Your task: Only the pictures are to be dropped; return all other data below exactly.

---------- Provided material ----------

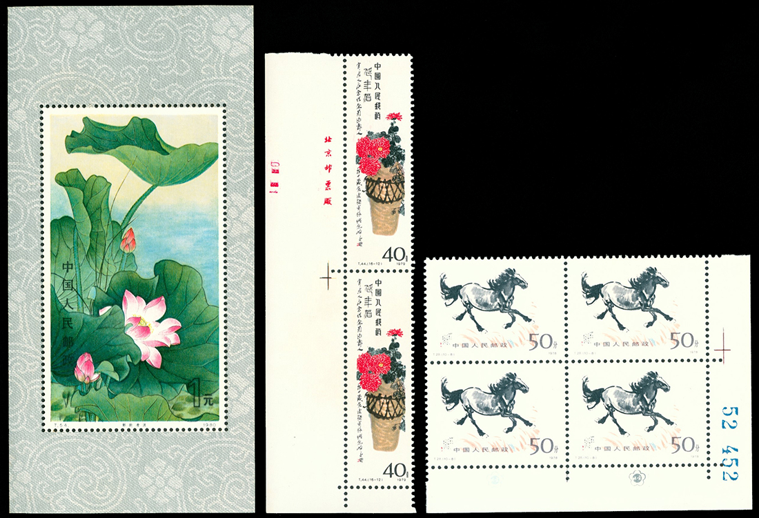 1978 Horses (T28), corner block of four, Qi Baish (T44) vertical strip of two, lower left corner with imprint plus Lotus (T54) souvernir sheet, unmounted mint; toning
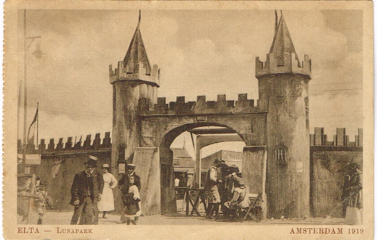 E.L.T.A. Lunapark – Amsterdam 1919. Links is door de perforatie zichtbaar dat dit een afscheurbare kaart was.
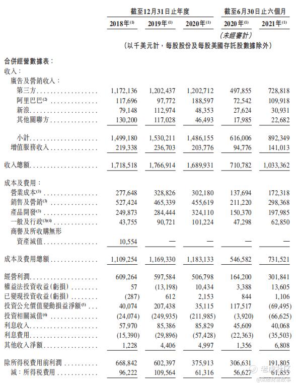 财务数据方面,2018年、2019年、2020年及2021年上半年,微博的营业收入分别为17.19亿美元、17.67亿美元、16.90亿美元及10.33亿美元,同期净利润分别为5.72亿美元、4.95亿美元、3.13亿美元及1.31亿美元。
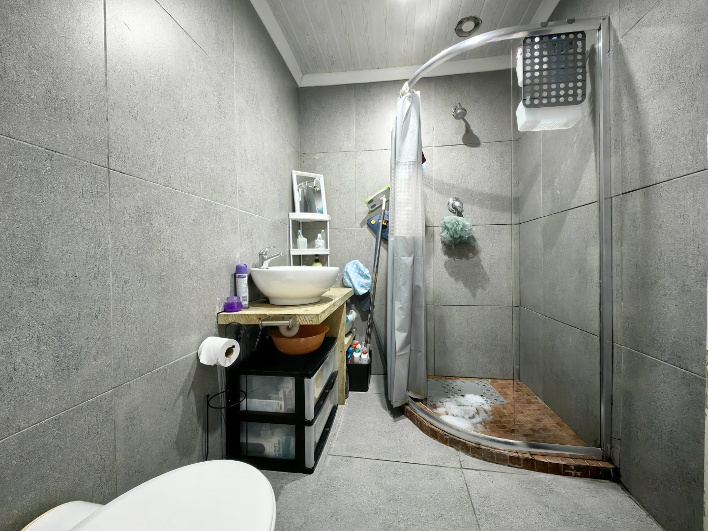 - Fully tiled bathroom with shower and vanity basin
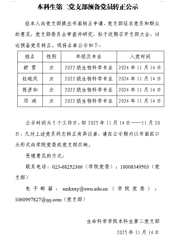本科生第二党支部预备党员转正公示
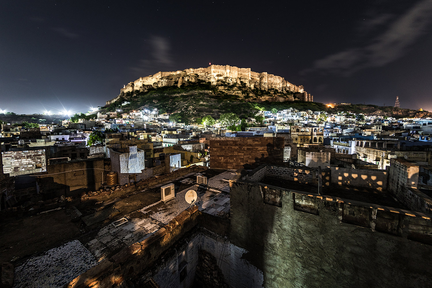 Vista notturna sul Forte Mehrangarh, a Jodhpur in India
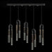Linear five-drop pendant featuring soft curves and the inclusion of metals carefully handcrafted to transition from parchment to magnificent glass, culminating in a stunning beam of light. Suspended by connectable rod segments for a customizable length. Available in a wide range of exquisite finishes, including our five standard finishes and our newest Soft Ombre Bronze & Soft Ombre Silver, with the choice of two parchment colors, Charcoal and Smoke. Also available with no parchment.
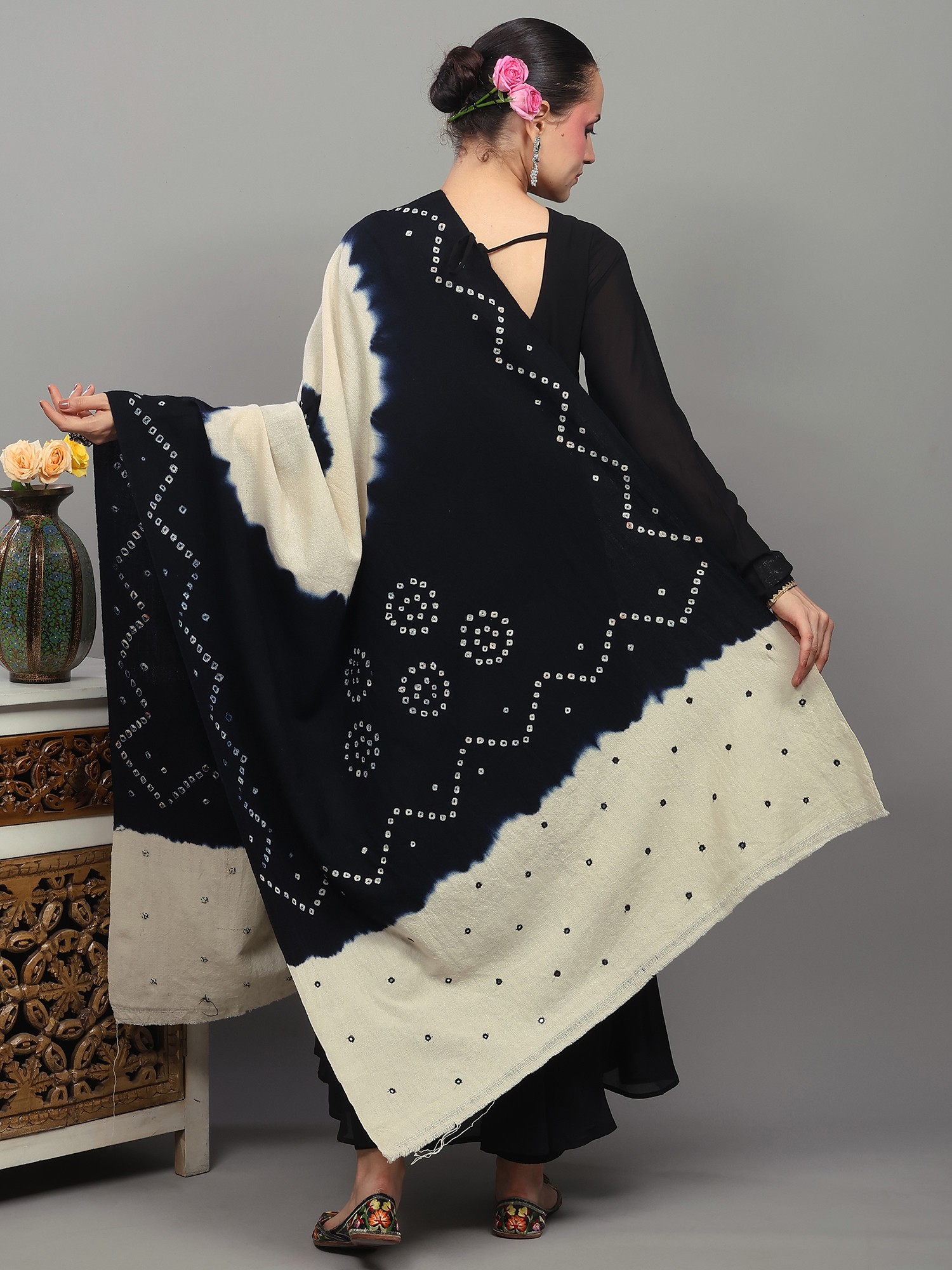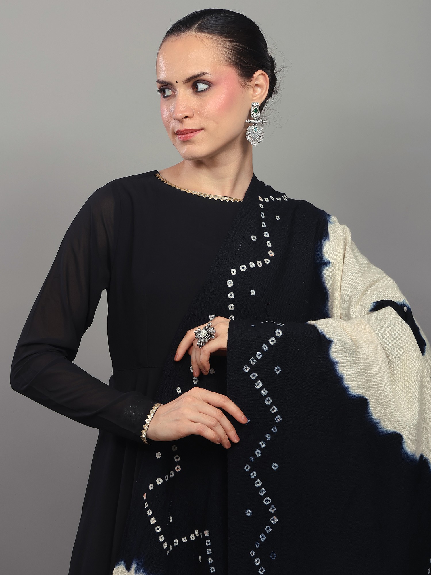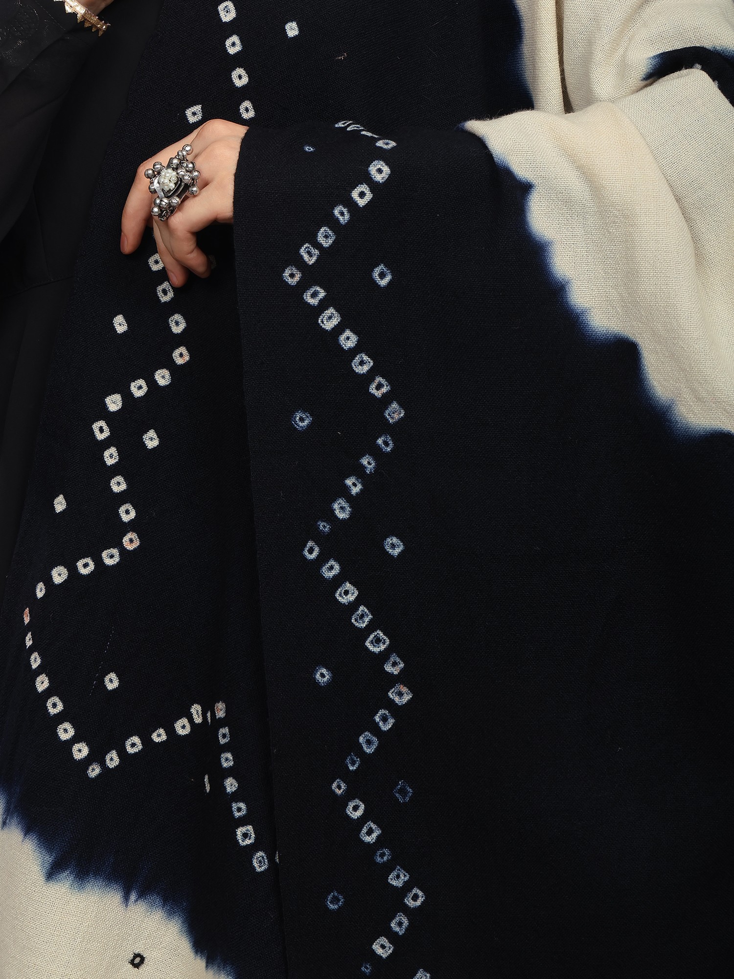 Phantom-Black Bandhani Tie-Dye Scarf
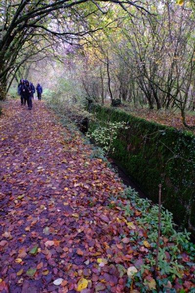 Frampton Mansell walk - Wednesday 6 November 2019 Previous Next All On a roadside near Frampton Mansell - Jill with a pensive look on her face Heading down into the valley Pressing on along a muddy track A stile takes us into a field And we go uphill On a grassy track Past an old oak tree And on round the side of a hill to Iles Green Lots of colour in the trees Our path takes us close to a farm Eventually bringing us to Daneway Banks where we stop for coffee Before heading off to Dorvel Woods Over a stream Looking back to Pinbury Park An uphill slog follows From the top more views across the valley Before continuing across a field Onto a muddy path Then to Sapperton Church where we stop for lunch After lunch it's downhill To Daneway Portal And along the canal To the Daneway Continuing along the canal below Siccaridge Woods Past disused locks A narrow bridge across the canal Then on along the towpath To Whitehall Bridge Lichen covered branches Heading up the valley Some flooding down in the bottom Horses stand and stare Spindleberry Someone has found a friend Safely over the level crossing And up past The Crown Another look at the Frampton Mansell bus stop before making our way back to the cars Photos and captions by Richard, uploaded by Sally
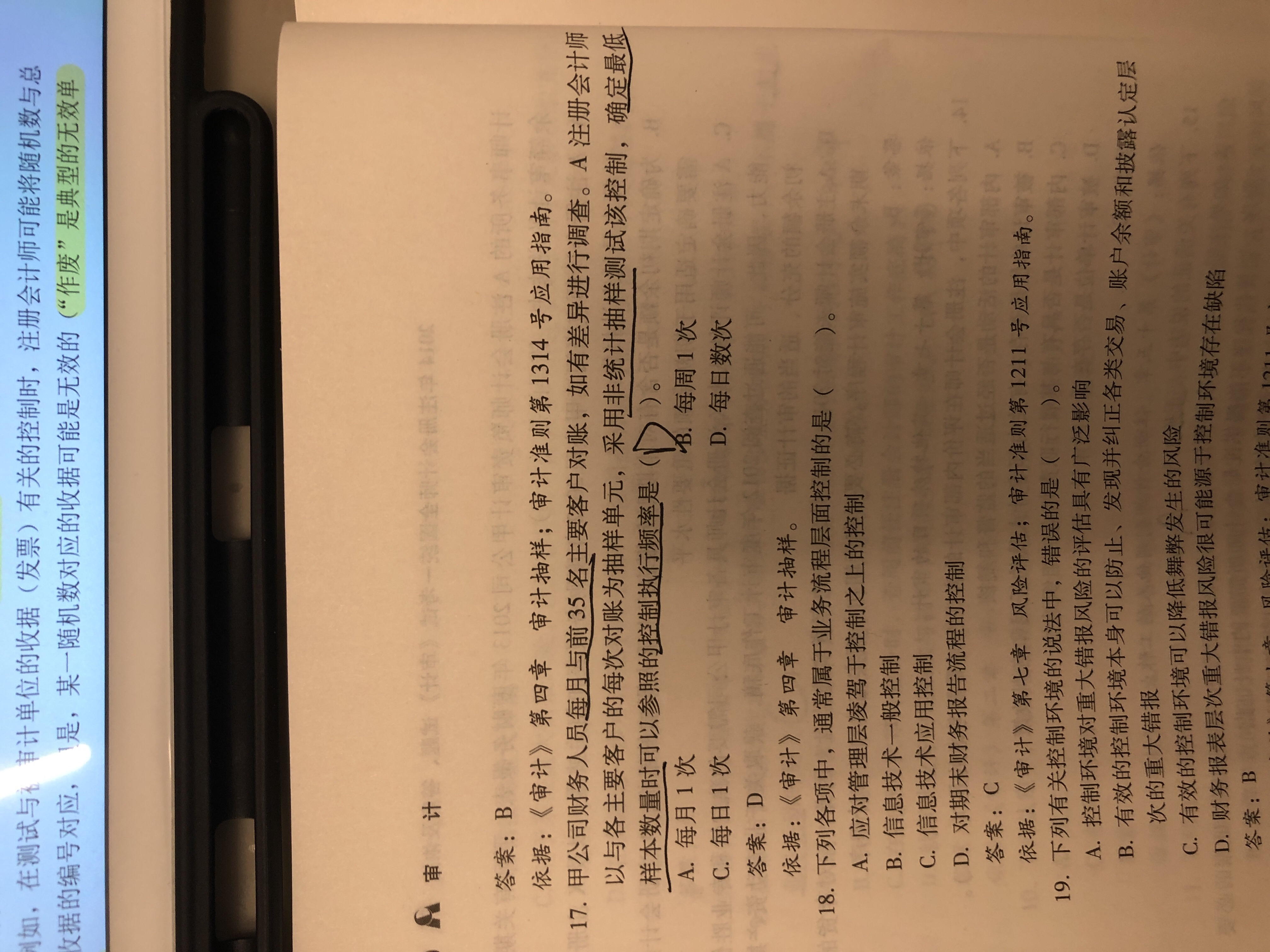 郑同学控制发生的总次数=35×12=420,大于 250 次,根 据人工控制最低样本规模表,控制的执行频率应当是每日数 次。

----------

Task response:
 1978 Horses (T28), corner block of four, Qi Baish (T44) vertical strip of two, lower left corner with imprint plus Lotus (T54) souvernir sheet, unmounted mint; toning
 E.L.T.A. Lunapark – Amsterdam 1919. Links is door de perforatie zichtbaar dat dit een afscheurbare kaart was.
 财务数据方面,2018年、2019年、2020年及2021年上半年,微博的营业收入分别为17.19亿美元、17.67亿美元、16.90亿美元及10.33亿美元,同期净利润分别为5.72亿美元、4.95亿美元、3.13亿美元及1.31亿美元。
 - Fully tiled bathroom with shower and vanity basin
本科生第二党支部预备党员转正公示
 Vista notturna sul Forte Mehrangarh, a Jodhpur in India
Linear five-drop pendant featuring soft curves and the inclusion of metals carefully handcrafted to transition from parchment to magnificent glass, culminating in a stunning beam of light. Suspended by connectable rod segments for a customizable length. Available in a wide range of exquisite finishes, including our five standard finishes and our newest Soft Ombre Bronze & Soft Ombre Silver, with the choice of two parchment colors, Charcoal and Smoke. Also available with no parchment.
 Phantom-Black Bandhani Tie-Dye Scarf
 Frampton Mansell walk - Wednesday 6 November 2019 Previous Next All On a roadside near Frampton Mansell - Jill with a pensive look on her face Heading down into the valley Pressing on along a muddy track A stile takes us into a field And we go uphill On a grassy track Past an old oak tree And on round the side of a hill to Iles Green Lots of colour in the trees Our path takes us close to a farm Eventually bringing us to Daneway Banks where we stop for coffee Before heading off to Dorvel Woods Over a stream Looking back to Pinbury Park An uphill slog follows From the top more views across the valley Before continuing across a field Onto a muddy path Then to Sapperton Church where we stop for lunch After lunch it's downhill To Daneway Portal And along the canal To the Daneway Continuing along the canal below Siccaridge Woods Past disused locks A narrow bridge across the canal Then on along the towpath To Whitehall Bridge Lichen covered branches Heading up the valley Some flooding down in the bottom Horses stand and stare Spindleberry Someone has found a friend Safely over the level crossing And up past The Crown Another look at the Frampton Mansell bus stop before making our way back to the cars Photos and captions by Richard, uploaded by Sally
 郑同学控制发生的总次数=35×12=420,大于 250 次,根 据人工控制最低样本规模表,控制的执行频率应当是每日数 次。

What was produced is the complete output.